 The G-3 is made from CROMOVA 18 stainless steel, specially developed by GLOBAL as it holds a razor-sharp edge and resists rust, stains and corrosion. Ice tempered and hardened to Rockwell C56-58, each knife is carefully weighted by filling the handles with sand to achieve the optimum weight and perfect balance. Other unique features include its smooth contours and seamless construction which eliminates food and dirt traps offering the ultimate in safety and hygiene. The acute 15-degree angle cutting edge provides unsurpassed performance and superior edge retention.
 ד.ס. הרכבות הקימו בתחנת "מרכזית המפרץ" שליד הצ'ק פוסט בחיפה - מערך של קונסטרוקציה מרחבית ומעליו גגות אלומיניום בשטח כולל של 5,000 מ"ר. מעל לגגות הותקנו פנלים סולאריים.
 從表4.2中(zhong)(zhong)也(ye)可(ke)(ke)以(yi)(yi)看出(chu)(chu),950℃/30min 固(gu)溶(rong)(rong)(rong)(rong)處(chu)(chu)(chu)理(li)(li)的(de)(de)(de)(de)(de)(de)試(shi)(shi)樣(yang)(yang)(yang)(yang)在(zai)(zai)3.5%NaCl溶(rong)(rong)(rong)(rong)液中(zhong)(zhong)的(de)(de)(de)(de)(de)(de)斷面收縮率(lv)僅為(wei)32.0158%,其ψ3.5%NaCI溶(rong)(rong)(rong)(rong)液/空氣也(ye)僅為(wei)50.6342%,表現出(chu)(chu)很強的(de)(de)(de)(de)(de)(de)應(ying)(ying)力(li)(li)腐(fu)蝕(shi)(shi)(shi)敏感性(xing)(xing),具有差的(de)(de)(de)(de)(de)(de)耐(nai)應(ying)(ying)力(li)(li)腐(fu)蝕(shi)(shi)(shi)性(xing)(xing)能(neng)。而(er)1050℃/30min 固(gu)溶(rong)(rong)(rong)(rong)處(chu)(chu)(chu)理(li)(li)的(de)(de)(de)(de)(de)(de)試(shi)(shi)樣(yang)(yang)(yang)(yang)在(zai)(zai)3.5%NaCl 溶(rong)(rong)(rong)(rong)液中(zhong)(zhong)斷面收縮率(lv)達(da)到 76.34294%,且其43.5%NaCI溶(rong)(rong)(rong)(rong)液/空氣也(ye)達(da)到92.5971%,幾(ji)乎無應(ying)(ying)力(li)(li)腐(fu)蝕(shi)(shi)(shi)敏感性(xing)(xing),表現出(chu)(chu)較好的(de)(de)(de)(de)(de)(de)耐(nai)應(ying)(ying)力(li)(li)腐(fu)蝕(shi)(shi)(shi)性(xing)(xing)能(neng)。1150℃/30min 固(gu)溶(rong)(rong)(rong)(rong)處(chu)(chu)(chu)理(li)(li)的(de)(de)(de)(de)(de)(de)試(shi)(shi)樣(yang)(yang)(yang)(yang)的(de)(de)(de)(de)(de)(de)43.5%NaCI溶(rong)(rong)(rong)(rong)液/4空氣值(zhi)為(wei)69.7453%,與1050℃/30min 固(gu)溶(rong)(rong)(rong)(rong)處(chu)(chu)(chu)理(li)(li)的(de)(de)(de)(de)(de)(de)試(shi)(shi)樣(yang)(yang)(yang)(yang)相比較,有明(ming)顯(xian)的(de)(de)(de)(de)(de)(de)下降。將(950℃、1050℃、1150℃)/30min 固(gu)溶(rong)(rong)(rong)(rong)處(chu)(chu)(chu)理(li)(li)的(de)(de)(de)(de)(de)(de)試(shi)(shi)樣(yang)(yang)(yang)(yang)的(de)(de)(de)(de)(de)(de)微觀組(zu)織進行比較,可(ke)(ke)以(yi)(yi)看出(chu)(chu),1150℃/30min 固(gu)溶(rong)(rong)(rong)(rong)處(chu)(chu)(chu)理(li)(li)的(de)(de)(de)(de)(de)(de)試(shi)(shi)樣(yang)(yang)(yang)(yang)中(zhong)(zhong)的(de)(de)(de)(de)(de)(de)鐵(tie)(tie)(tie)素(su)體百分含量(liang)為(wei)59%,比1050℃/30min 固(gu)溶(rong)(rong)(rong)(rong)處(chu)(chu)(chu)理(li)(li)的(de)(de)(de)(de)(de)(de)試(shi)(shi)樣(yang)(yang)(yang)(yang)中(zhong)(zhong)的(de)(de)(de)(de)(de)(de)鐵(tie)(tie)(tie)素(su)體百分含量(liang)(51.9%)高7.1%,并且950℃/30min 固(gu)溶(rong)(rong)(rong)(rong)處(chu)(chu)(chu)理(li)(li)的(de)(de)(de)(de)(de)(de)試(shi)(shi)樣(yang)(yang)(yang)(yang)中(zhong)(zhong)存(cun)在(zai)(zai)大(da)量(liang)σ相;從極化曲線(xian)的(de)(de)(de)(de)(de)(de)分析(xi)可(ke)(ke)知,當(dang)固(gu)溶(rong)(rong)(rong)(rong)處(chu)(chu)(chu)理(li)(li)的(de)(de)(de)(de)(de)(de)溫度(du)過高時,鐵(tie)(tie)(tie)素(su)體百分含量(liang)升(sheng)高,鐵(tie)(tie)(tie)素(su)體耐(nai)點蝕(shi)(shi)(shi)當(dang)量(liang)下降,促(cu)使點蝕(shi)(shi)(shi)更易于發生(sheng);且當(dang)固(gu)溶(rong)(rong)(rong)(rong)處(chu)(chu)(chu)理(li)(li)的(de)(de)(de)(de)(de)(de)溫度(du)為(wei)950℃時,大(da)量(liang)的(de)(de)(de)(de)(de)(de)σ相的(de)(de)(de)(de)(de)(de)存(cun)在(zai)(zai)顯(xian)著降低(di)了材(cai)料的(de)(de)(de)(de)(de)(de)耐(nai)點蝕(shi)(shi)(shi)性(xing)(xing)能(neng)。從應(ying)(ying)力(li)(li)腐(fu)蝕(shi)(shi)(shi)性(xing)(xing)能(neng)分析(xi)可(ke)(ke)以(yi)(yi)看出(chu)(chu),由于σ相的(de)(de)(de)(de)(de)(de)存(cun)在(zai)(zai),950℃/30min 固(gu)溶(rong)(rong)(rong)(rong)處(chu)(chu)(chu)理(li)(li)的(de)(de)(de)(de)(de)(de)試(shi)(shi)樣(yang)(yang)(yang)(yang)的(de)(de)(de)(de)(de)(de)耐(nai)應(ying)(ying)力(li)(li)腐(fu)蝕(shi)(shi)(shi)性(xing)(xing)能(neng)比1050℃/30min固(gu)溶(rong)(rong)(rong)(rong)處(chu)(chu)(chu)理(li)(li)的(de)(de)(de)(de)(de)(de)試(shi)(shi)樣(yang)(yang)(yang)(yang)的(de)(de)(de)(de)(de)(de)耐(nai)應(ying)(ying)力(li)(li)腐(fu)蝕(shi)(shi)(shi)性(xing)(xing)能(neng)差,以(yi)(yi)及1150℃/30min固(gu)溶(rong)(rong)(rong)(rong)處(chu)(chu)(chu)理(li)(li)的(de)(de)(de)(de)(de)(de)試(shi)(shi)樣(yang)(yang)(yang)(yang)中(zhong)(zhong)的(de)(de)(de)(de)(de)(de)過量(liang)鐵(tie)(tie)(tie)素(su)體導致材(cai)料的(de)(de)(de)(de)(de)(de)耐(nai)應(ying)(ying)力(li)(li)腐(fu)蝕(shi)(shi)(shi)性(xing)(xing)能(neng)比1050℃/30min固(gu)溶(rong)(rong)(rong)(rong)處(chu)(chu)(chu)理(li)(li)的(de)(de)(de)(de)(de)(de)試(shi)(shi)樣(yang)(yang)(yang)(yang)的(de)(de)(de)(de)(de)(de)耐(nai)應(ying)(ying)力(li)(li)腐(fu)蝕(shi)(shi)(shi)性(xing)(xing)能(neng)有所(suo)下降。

...

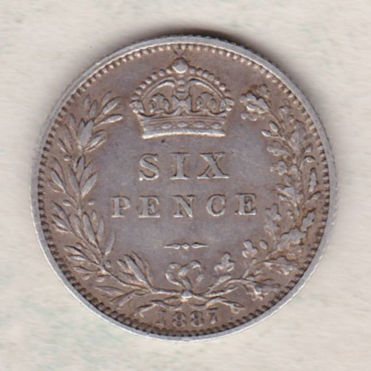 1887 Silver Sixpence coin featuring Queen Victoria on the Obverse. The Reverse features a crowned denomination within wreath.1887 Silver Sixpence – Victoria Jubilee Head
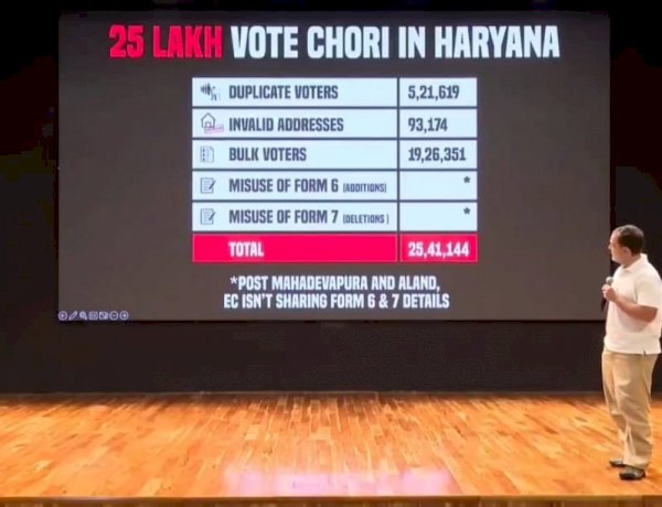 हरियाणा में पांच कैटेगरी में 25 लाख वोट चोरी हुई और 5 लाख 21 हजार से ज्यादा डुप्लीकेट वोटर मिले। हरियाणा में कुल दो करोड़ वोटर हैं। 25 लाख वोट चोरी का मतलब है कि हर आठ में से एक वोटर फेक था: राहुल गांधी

**Exercise details**
Write out again exactly the lines above from the one with "1887 Silver Sixpence coin" through the one with "हरियाणा में पांच", adding no other lines and no pictures.

**Solution for this exercise**
 1887 Silver Sixpence coin featuring Queen Victoria on the Obverse. The Reverse features a crowned denomination within wreath.1887 Silver Sixpence – Victoria Jubilee Head
 हरियाणा में पांच कैटेगरी में 25 लाख वोट चोरी हुई और 5 लाख 21 हजार से ज्यादा डुप्लीकेट वोटर मिले। हरियाणा में कुल दो करोड़ वोटर हैं। 25 लाख वोट चोरी का मतलब है कि हर आठ में से एक वोटर फेक था: राहुल गांधी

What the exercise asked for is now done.